Supervising the realization of a structure or a solution

An architect supervises the realization of the structure or solution using a detailed design of the total concept consisting of 50 to 100 concepts. Always the architect creates a design sketch of the total concept, a blueprint, a roadmap, and an Artist Impression of the architecture and the structure so various stakeholders have more insights and an overview of what the architecture is and what the structure will look like. And they use visualization to make or support their decisions. Every concept of the total concept implements one or more functions of the structure to fulfill the requirements the stakeholders have concerning performance and quality.

During the realization of a structure or usage/application of an architecture, the architect makes decisions about designs and the realization or implementation. All the decisions and changes to these designs are put in a formal document called the Architecture Realization Document. If these designs need to be changed, they will be changed and the change will need to be approved by the owner/client and the stakeholders again.


Architects make use of plateaus, situations, and periods. In Dragon1 we have defined WAS, AS-IS, PLATEAU 1, PLATEAU X, TO-BE, and ENVISION as predefined names of plateaus. TO-BE often is 3 years ahead and ENVISION is 5 to 10 years.

Suppose you want to draw a PLATEAU 1 architecture diagram. You want to show what entities used to be there and what entities will be there. In Dragon1 you can make that distinction with line styles: solid line style means an entity currently is there, and dashed line style means an entity will be there in the present. A dotted line style means an entity was there, but now is not anymore.

Naming conventions

In Dragon1 we use the following naming convention for entities: [type].[class].[instance]. For example, the sales business process of an organization would be: business.process.sales. A monolithic application architecture would be: application.architecture.monolithic

On Dragon1, you can switch to shorthand notation (only the instance name will be shown in diagrams). The shapes fill in the type and class for you.

Maintenance, support and renewal

After a structure or solution has been built or realized and put to use, the work of the architect is not over. Every year when the structure or solution is used, it needs to be maintained and serviced. Now for that continuously things need to be repaired and replaced. Sometimes it is necessary that you as an architect are consulted or informed about what products or materials to use for the maintenance or servicing.
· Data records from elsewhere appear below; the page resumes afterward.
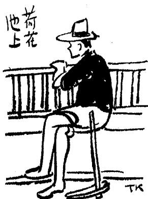
Shenbao 甲報 (Journal de Shanghai), 15 septembre 1934

Deux personnages de dos regardant passer au loin un train à vapeur expriment encore par leur attitude figée leur sentiment dans « Le train de Shanghai » ( Dao Shanghai qu de 到上海去的) (1935) : ici, c'est l'aspiration à un ailleurs, le désir d'évasion, l'espoir d'une autre vie, symbolisé par le train (fig. 11).
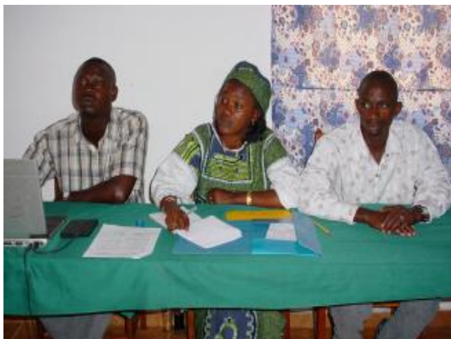
Les responsables de la comptabilité à PlanGuinée

L es Coordinateurs, Administrateurs et Assistants de Zones ainsi que les représentants des ONG partenaires : Transparency Consulting ( TransCons ), l'Association des animateurs Communautaires de Guinée ( A.A.C.G ), le Groupement des prestataires de Guinée ( G.P.S ), le Groupement des animateurs Communautaires pour les Bonnes oeuvres ( G.A.Co.Bo ), Zalikwèlè animateurs Communautaires ( Zali.A.C ), et WEST Ingénierie ont suivi du 18 au 22 octobre à l'Hôtel Mantis Palace, une formation de rafraîchissement de mémoire.
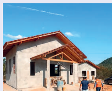
FOI iniciada a construção de 46 casas

“Graças à visão do nosso governador Jorginho Mello e ao apoio do governo, já iniciamos a construção de 46 casas de compensação para as comunidades indígenas. Além disso, também estão em obras bem
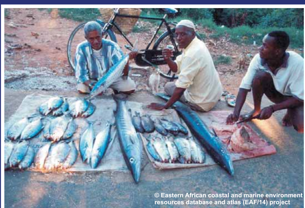
On protège les récifs coralliens pour les communautés qui en dépendent
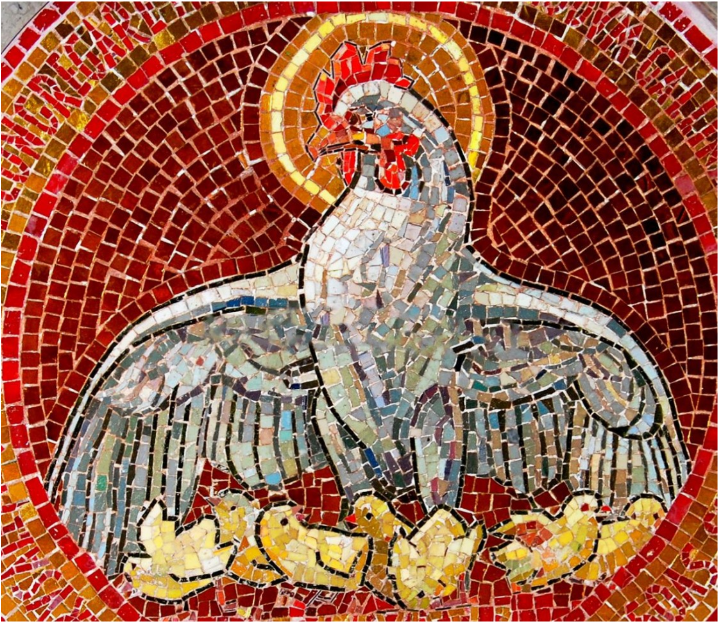
Altar Mosaic of Hen and Chickens, Church of Dominus Flevit, Mount of Olives, Jerusalem.

FONDÉE EN 1628 ET INCORPORÉE DANS L'ÉGLISE ÉPISCOPALE EN 1804
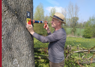
Markierungen an Wanderwegen
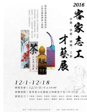
圖 30、客家志工才藝展

於 105 年 12 月 1 日至 12 月 18 日展出客家志工書法、水墨、工藝、服飾及油畫共 70 件作品，展現志工多元才藝，吸引 1,563 人次參觀。(如圖 30)
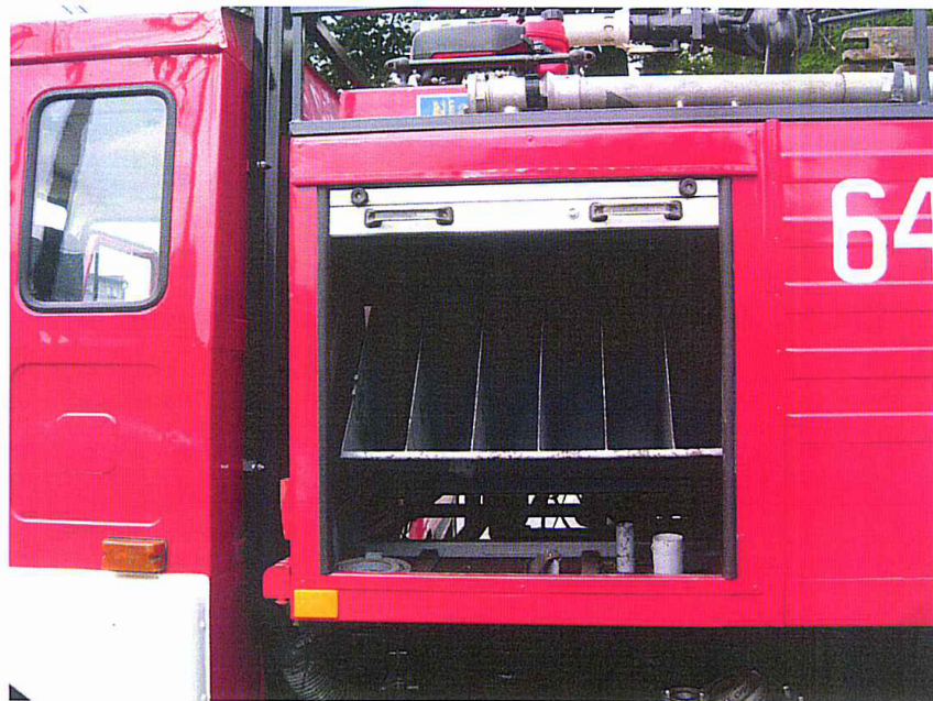
Fot. 15. Schowek na węże gaśnicze \varnothing 75 do dł. 240 [m]
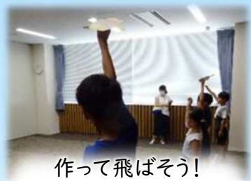
作って飛ばそう! むささびグライダー
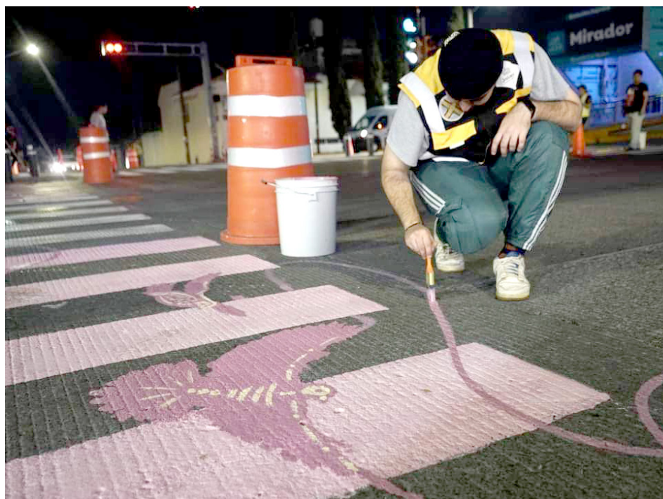
La pintura se realizó en Calzada Independencia y Volcán Zacapu.

Programaron actividades que buscan promover la movilidad sostenible y la intermodalidad, fomentando el uso de medios de transporte que contaminen menos
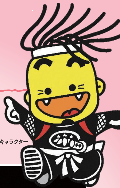
北上市観光キャラクター おに丸くん

とき 2月21日(水)・22日(木) 10:30～19:00(最終日は16:30まで) ばしょ いわて銀河プラザ 東京都中央区5丁目15-1
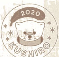
エゾクロテンバッジ
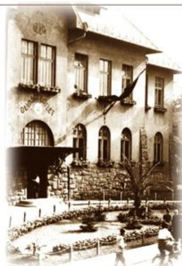
A székház homlokzata a bejárat előtti parkkal, kb. 1935
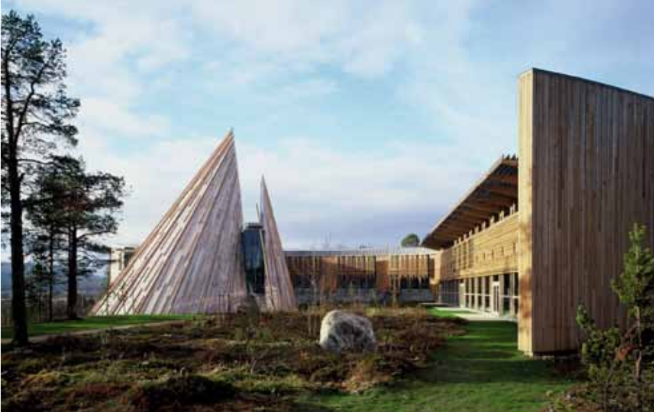
Sametingsbygningen i Karasjok ble offisielt åpnet 2. november 2000. Sametingsbygningen huser samenes folkevalgte forsamling og administrasjonen for Sametinget i Norge.

sjonsprosess. Dette styrker kjønnsbalansen i Sametinget. Samtidig vet vi som arbeider med likestilling generelt at dette er et tema som krever kontinuerlig fokus.
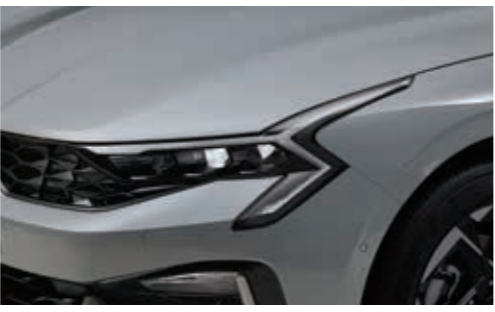
LED 헤드램프, LED 주간주행등
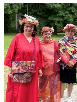
Partenariat DO UN DERT Défilé à Turkheim

En matière de santé, le CARAH travaille, entre autres, avec les services psychiatriques et les services de santé mentale, ainsi qu'avec les services d'aide à domicile.
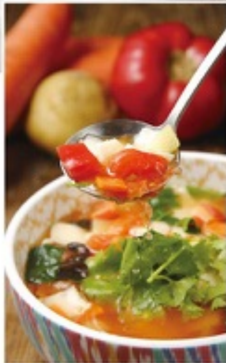
揪片子汤面 NOODLES IN SOUP WITH LAMB & TOMATO 手工面、羊肉、西红柿 Noodles, Lamb, Tomato
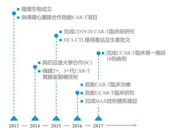
图 4: 上海隆耀生物研发进展
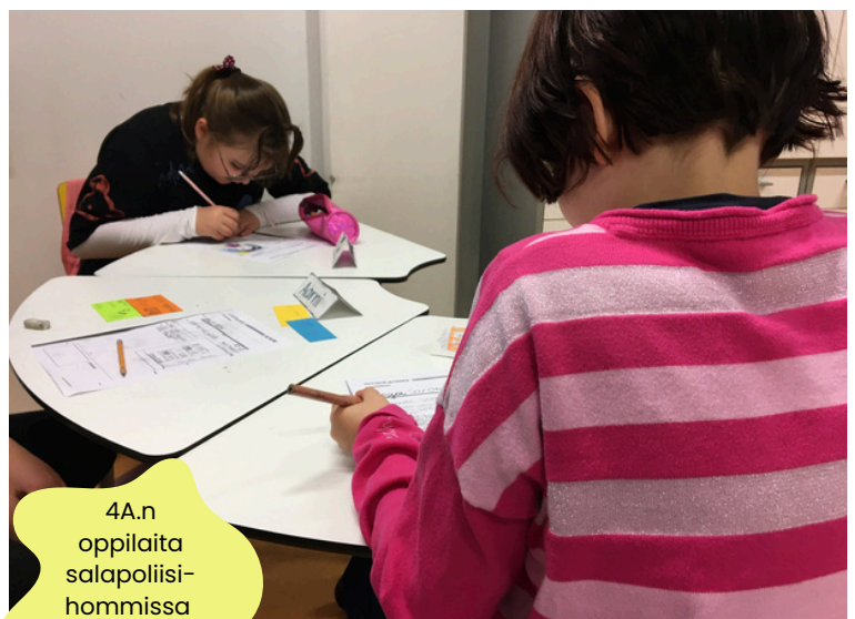
4.A:n oppilaita salapoliisihommissa

Megasanommiin saatiin myös joukko säätiedotuksia, määätiedotuksia, päätiedotuksia ja yksi jäätiedotus.
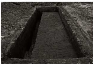
第13トレンチ1・2区全景 (南から)
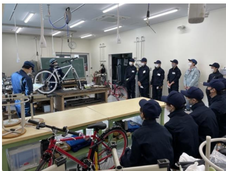
① メンター育成（全体説明）

高専の1年生33人を対象に、自転車の分解・組立方法（工具や測定具の使い方も含め）と自転車を大切に扱うためのメンテナンス方法を教え、メンターとなれる能力を育成した（4回×3時間）。続けて、小中学生を対象に自転車塾の公開講座を2回実施した（参加者13名）。
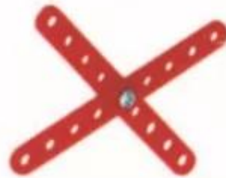
Hình 3. Giá đỡ trục bánh xe
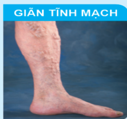
GIÃN TĨNH MẠCH
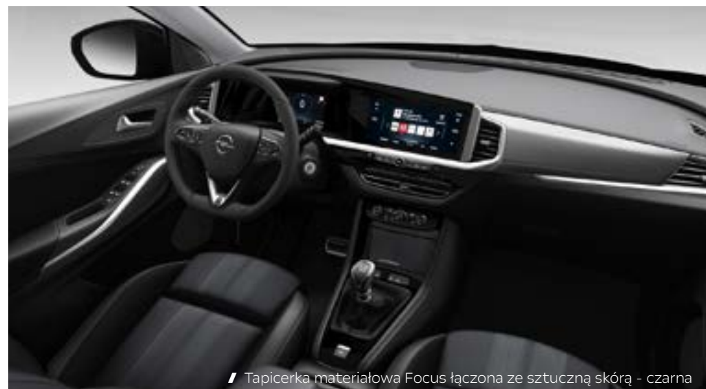
// Tapicerka materiałowa Focus łączona ze sztuczną skórą - czarna
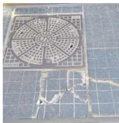
Takich uszkodzeń na Katowickiej jest sporo

Długo wyczekiwana przez mieszkańców, zwłaszcza tych zmotoryzowanych modernizacja ul. Katowickiej
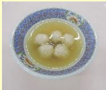
〈中華風つくね〉 【マルイ食品】
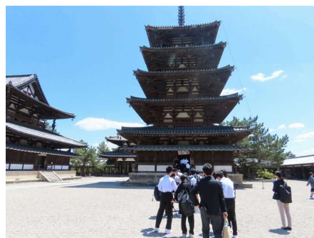
<1300年前から建っている塔なんだね～>
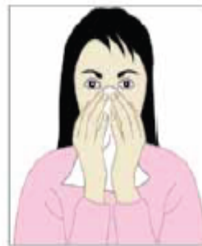
بینی و دهان خود را بپوشانید.
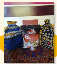
Scatola praline di cioccolato art. 18
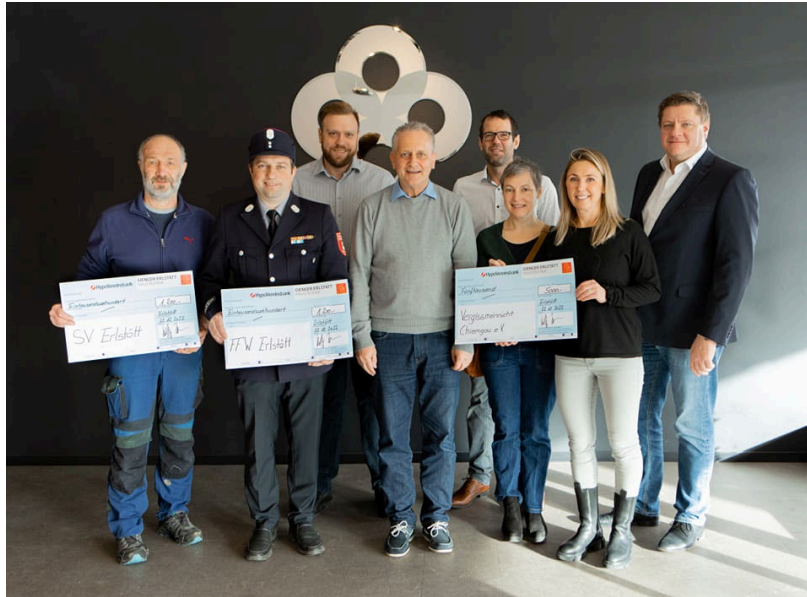
Firma Gienger Erlstätt KG für 1200.- Euro
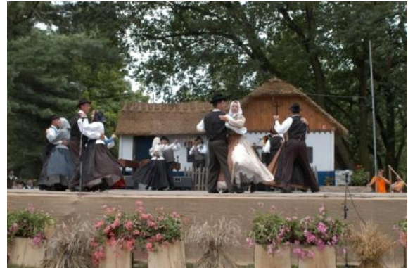
Slika 53: Med nastopom. (Beltinci, 31. julij 2005.)
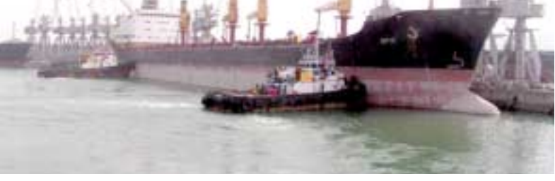
ميناء: سفن تجارية ترسو في ميناء ام قصر لتفريغ حمولاتها عسة (الزمان) سعدون الجابري.

واشار البيان الى ان البواخر التي رست هي ريفان محملة بالكازاوويل ومالك كومندل من اشاكويا بحمولة متنوعة ونور مندي بحمولة 478 حاوية إضافة إلى اربع باواخر من جنسيات مختلفة وبحمولات متنوعة من مادة السمنت وزيت الغاز والبزين واثانيب لحساب شركة نفط الجنوب ضمن جولة التراخيص النفطية).
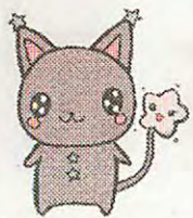
札幌市幌北児童会館キャラクター ほっぴい
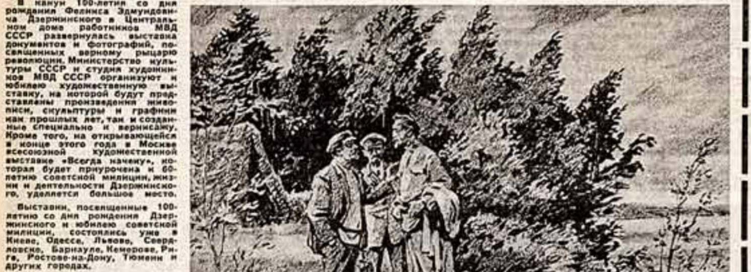
В. Разлив. Рисунок В. Коновалов.
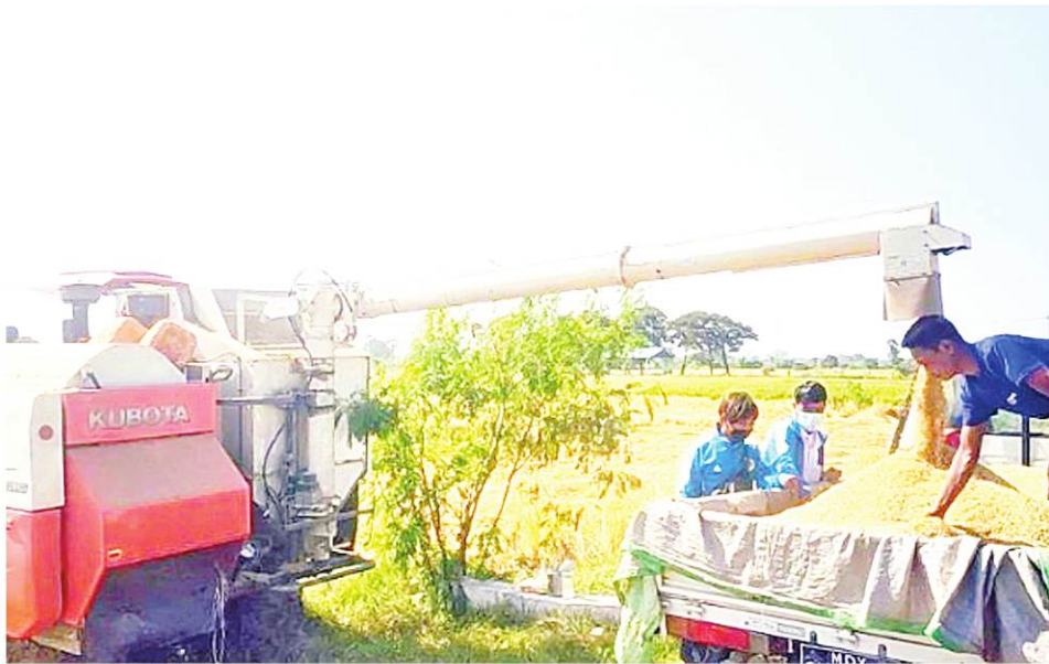
ပုသိမ် ဇွန် ၁၁

Now in time needs and objectives will change and thus the requirements for the structure or solution. Here you as an architect can advise or redesign extensions, renewals, and changes to the original structure but maintain its original architecture, concepts, and principles.

At enterprises and organizations, not every structure or solution often was built using an enterprise architecture. However, enterprises and organizations change continuously. Nowadays in organizations, one or more architects are employed and a TO-BE architecture is present, the architects play a role in advising how the design and realization should or could make use of certain concepts, principles, elements, components, rules, norms, and standards, to move towards or stay within the boundaries of the TO-BE architecture.

Strange as it may seem, this is how working with enterprise architecture often starts in an organization. The architects have the job or task to re-engineer the current architectures, with their concepts, principles, elements, and components but also the implicit requirements, design decisions, etc...

When in the past architecture was reactive and project-focused, people used to create Project Start Architecture. Today we prefer to use only Solution Architectures instead and create Solution Architecture Design Documents as formal documents.